He plays at being the perfect daddy, and do not get me wrong he is a fantastic dad, but maybe I would like to be considered a little bit more in family life!! I cant leave him, nor do I really want to at the moment, but I just feel , well I suppose, used!
My partner has never managed to change his career since the day we )and that should be underlined) fell pregnant! I feel like I have to do everything. I am applying for post grads, a couple , I do not have the time to waist! We need money, My kids are getting older.
I do not know about your circumstances, the problem for me is that I think I still love my partner , even though there is no affection.

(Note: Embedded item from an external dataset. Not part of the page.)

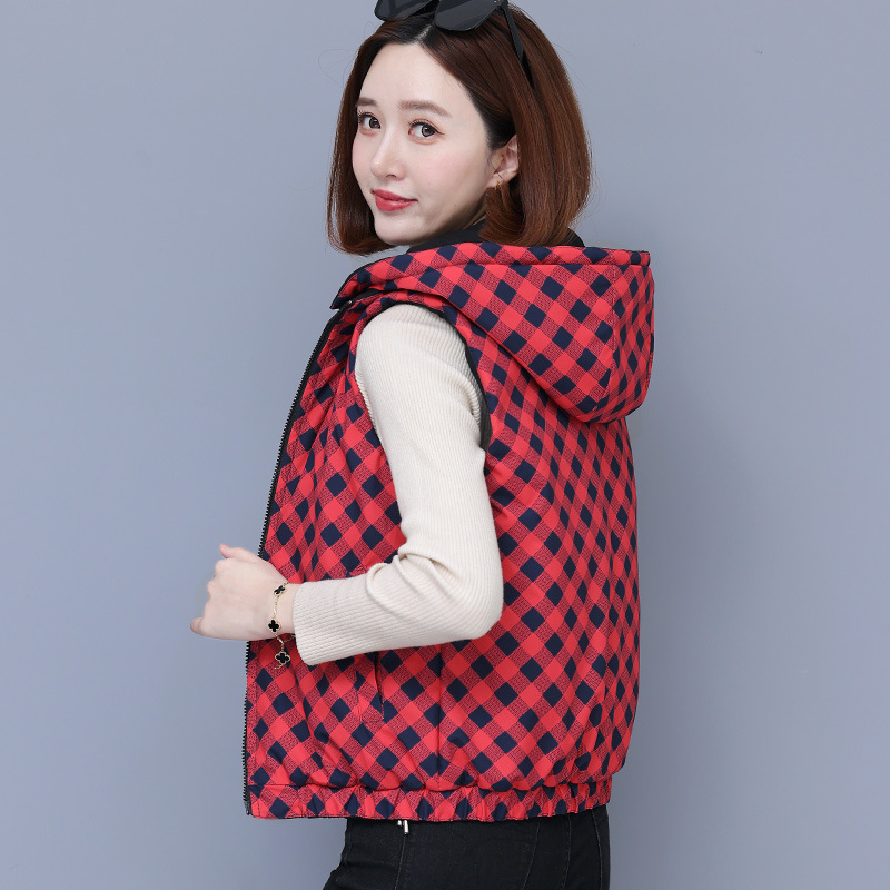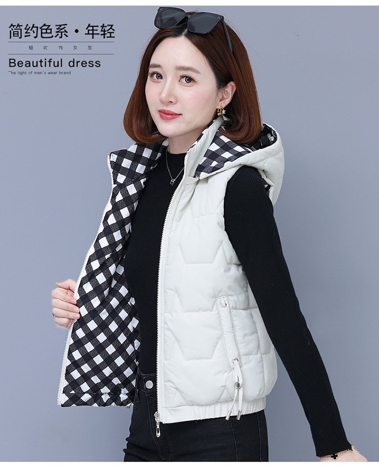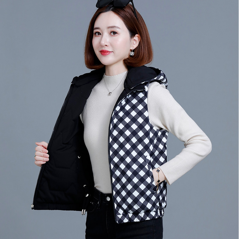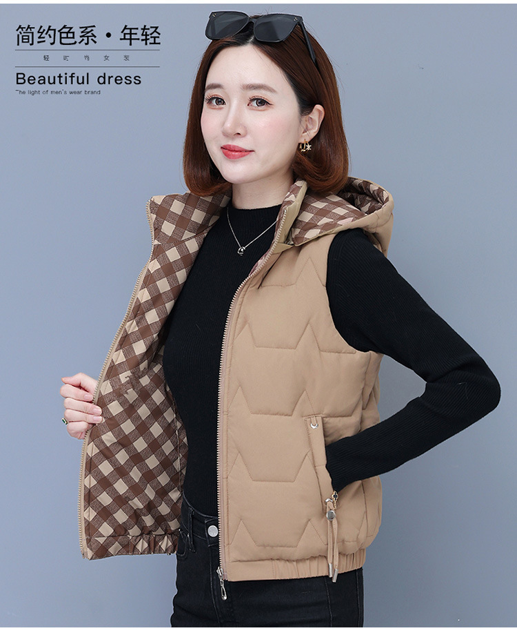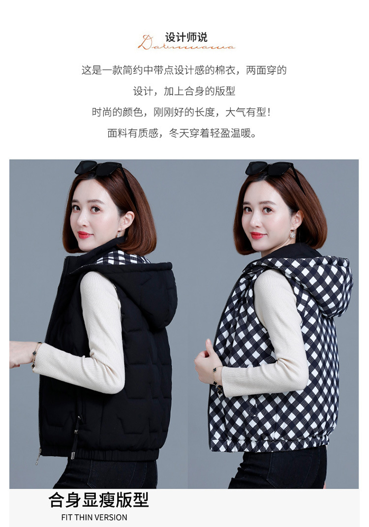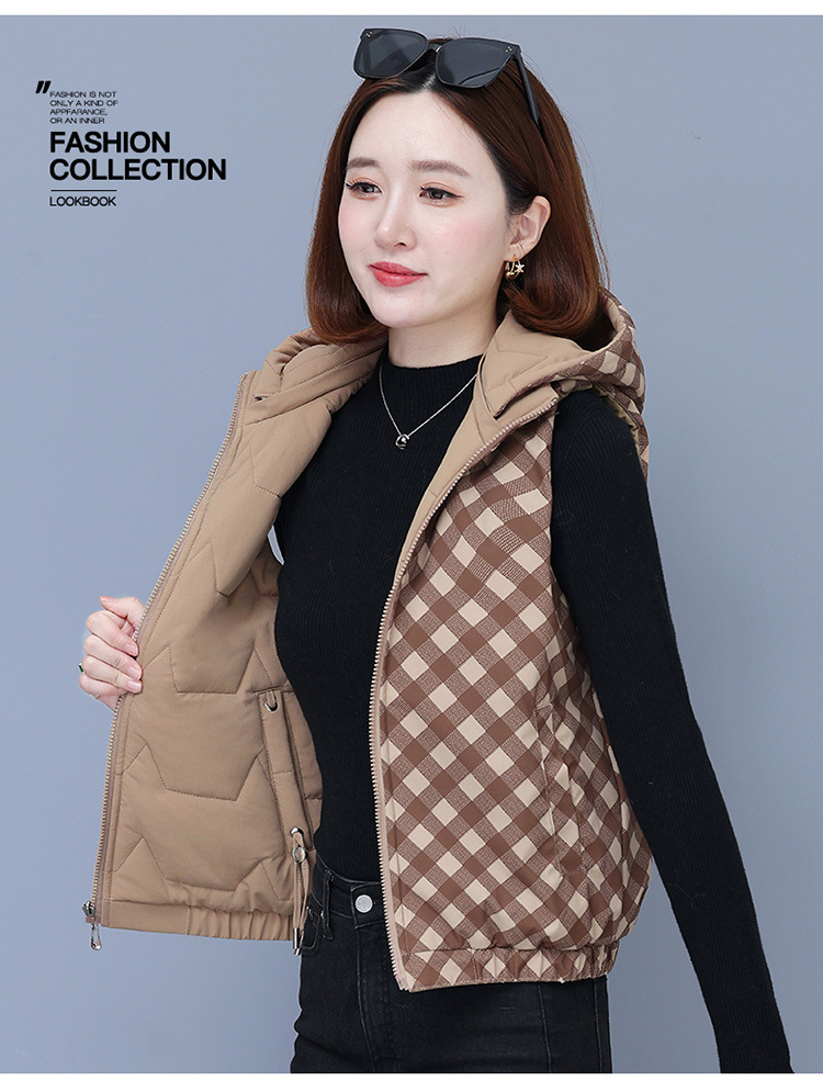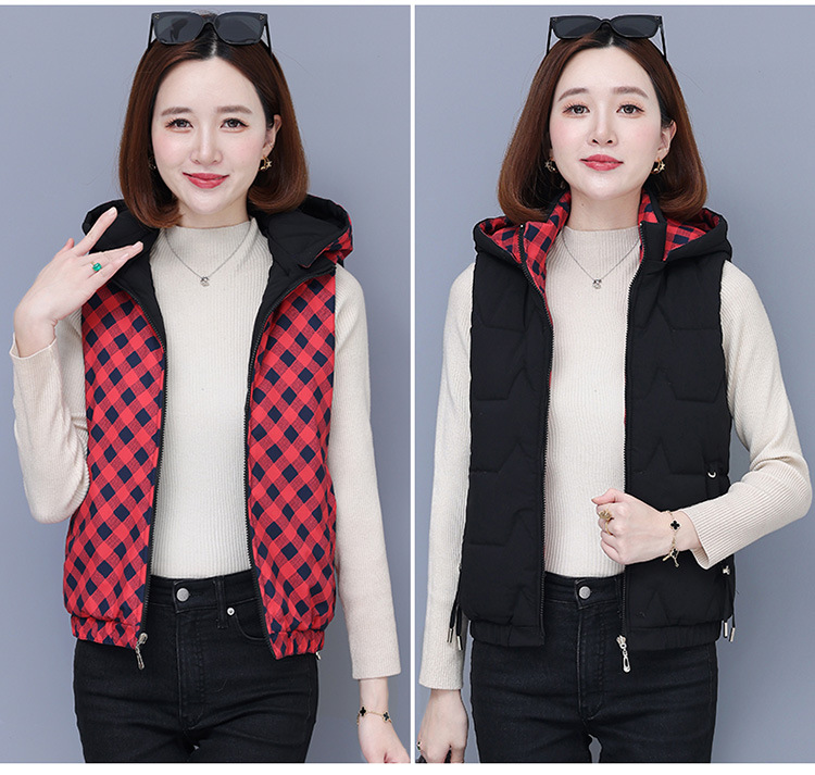 겨울 양면 면 조끼 여성의 한국식 유행 두꺼운 따뜻한 조끼 후드 조끼 재킷 여성 의류스토어 가기

Not unlike your ex wife though, I increased our overdarft, and by the blink of an eye its up high!! This was not deliberate, I do not see it as a betrayal of my partners wishes. We have lived in poverty for so long that I just wanted some comfort. Like a couch to sit on , or a pair of shoes for my child. I see it , that I will fix it. He says, that it is all my problem anyway. I diregard this, for I am trying to pay for a better life for my children. It is too short to comprimise so much, especially for them I do not know if this helps you understand your wifes actions better. But even if my partner does not pull through, I know I will. Its not fair that my children should have to suffer because he is so horizontal! Then again, I am probably the most uptight person you could possibly meet!
on the other side, ny parents divorced when I was elevn. Life was tortire for me and my sister when they were togeher. But i missed my dad a lot when he went , as your kids will miss you, but with effort me and my dad have become really good friends, and I can turn to him, moreso than anyone else. I hope that makes you feel a little bit better. Remeber, even though your not around them 24/7, no matter what, you will always be there dad. Remeber that you always will be though. Sometimes, it seems to me that my dad forgets and tells me a little too musch, but I n a way thats a good thing too.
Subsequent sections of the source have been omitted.